A Python toolkit for mining materials data without reinventing the wheel
Matminer collects scattered materials-science datasets and featurizers into one library so researchers can stop writing the same data-prep scripts.

What it does
Matminer is a Python library that gathers datasets, data-retrieval methods, and featurizers for materials science into a single package. It handles the tedious work of finding, formatting, and citing community-developed data so you can focus on analysis rather than wrangling. Python 3.11+ required.
The interesting bit
The library tracks provenance for you: every dataset and featurizer carries a citations() method that spits out BibTeX entries.
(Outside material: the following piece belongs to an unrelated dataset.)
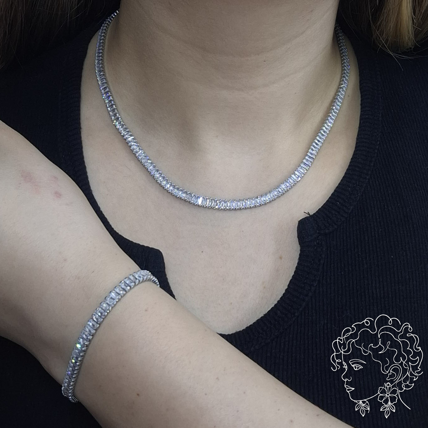 ست تنیسی باگت با سنگ های مستطیلی و درخشش مدرن و اینه ای مناسب برای استایل های مجلسی و شب ، عروسی ، الگانت(شیک و خانومانه) و مدرن استیل ضد حساسیت رنگ ثابت (مراقبتی) در مجاورت با مواد شوینده و آب قرار نگیرد

It’s a small feature that solves a real pain point—academic papers where the data sources are vaguely waved at in a footnote.
Key highlights
- Bundles community datasets and featurizers in one importable library
- Built-in citation tracking via
citations()methods on datasets, retrievers, and featurizers - Companion projects for automation (
automatminer) and benchmarking (matbench) - Active since at least 2018 with a dedicated help forum
- Separate examples repo with worked demonstrations
Caveats
- The README is thin on specifics: no dataset counts, no performance claims, no architecture overview
- The examples and deeper docs live in separate repositories, so you’ll be clicking around
Verdict
Materials scientists doing ML on structure-property relationships should grab this to skip boilerplate data loading. Everyone else can pass—there’s nothing generic here worth repurposing.